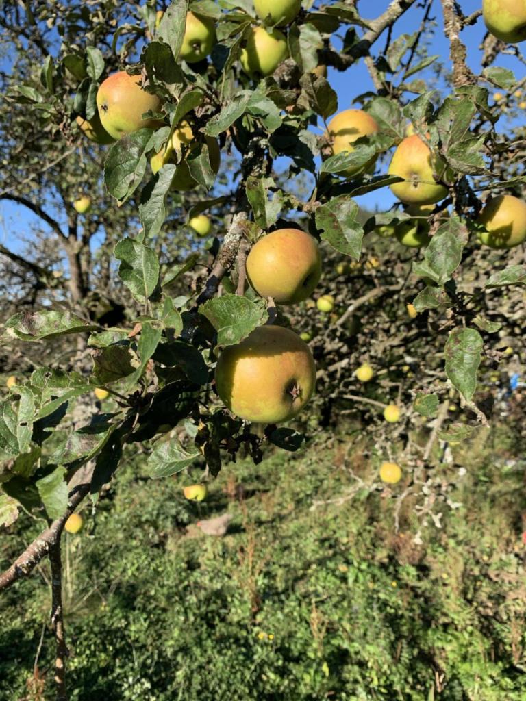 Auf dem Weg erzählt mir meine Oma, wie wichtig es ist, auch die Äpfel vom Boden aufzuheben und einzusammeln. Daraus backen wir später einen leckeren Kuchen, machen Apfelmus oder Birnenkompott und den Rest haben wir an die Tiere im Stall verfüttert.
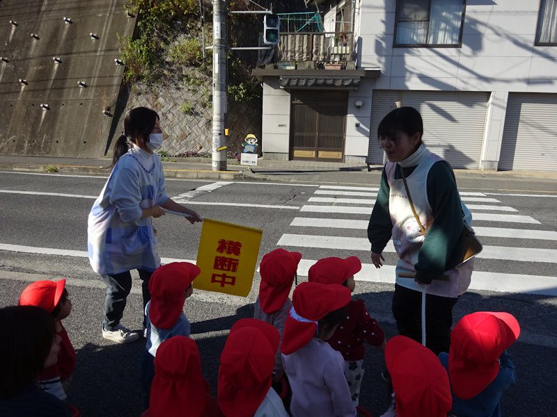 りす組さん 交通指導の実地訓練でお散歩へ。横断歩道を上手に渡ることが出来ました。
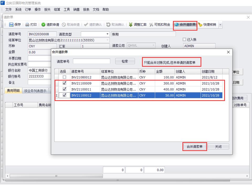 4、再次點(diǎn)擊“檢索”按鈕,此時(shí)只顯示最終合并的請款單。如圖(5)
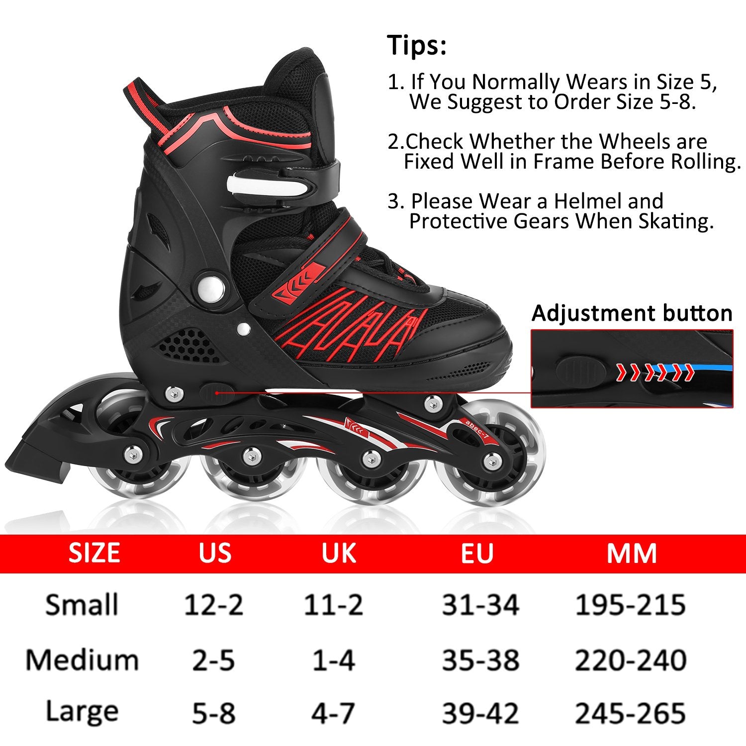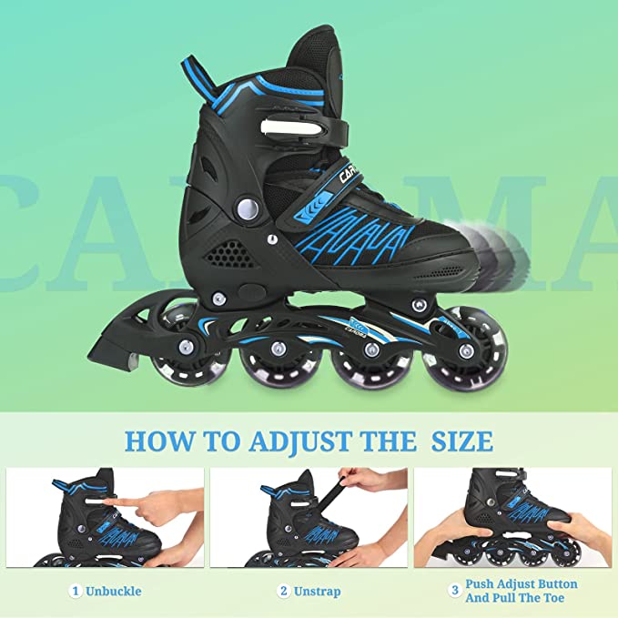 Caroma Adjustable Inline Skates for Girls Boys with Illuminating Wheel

* * *

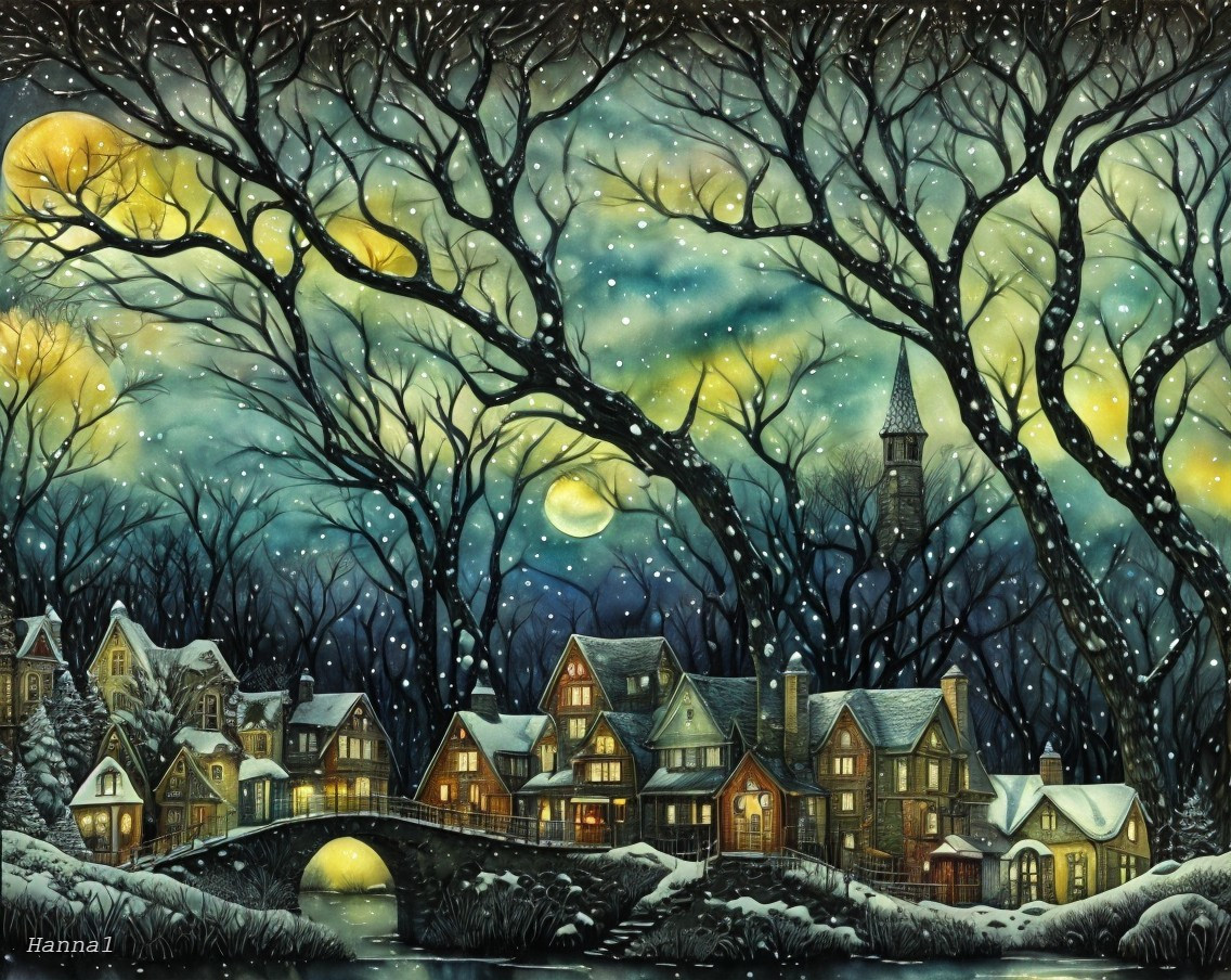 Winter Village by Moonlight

• **Description of the task**
In the records above, everything from the line with "Auf dem Weg" down to the line with "Caroma Adjustable Inline" must be duplicated exactly, both lines kept. Leave no pictures in.

• **Answer**
 Auf dem Weg erzählt mir meine Oma, wie wichtig es ist, auch die Äpfel vom Boden aufzuheben und einzusammeln. Daraus backen wir später einen leckeren Kuchen, machen Apfelmus oder Birnenkompott und den Rest haben wir an die Tiere im Stall verfüttert.
 りす組さん 交通指導の実地訓練でお散歩へ。横断歩道を上手に渡ることが出来ました。
 4、再次點(diǎn)擊“檢索”按鈕,此時(shí)只顯示最終合并的請款單。如圖(5)
 Caroma Adjustable Inline Skates for Girls Boys with Illuminating Wheel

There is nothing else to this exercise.